This was an interesting discussion - thank you everyone for responding.

Personally I’m with Tamas and DNF in that I don’t like the idea of allowing trailing ones when indexing arrays. To be clear, I’m definitely not suggesting syntax changes at this stage of the language - I follow the discussions on this board enough to know that those types of posts don’t go down so well these days :slight_smile:

I can perhaps add one point to the discussion which hasn’t been raised yet (and might be useful if this is ever discussed for v2.0). My logic for objecting to the syntax is that it can lead to accidental bugs when one mixes arrays of numbers with arrays of arrays of numbers in ones code. Personally, I often find myself in situations where I have x::Matrix{Float64} and y::Vector{Vector{Float64}}. Obviously for individual elements I index x[n,m] and y[n][m]. But sometimes I make a mistake and accidentally index y[n,m].

From my point of view, life would be nice if this mistake errored, rather than me having to work backwards from another error in a different part of the code.
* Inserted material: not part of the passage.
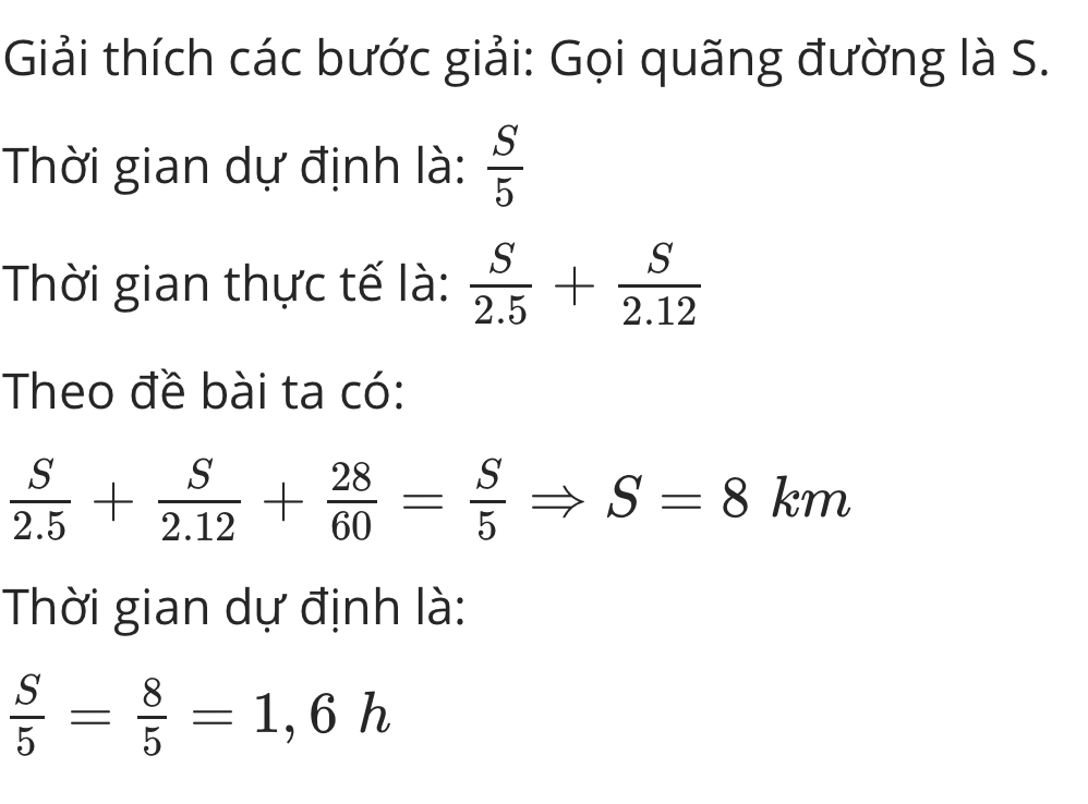 Một người dự định đi bộ một quãng đường với vận tốc không đổi là 5 km/h, nhưng khi đi được 1/3 quãng đường thì được bạn đèo bằng xe đạp đi tiếp với vận tốc 12 km/h do đó đến sớm hơn dự định là 28 phút. Hỏi nếu người đó đi bộ hết quãng đường thì mất bao lâu

And it is not hard to see how mixing higher dimensional arrays of numbers with arrays of arrays of arrays of numbers, or arrays of higher dimensional arrays of numbers, could lead to similar bugs that are harder to trace back (or worse, don’t result in errors at all). Of course, at heart, these types of bugs are my fault, not the languages, since the original indexing error is done by me. And to be fair, it is so wonderfully easy in Julia to define my own types that wrap these objects but allow me to choose the indexing rules. But as we all know when coding, some mistakes are easier to make than others, and this feels like a particularly easy one to make to me.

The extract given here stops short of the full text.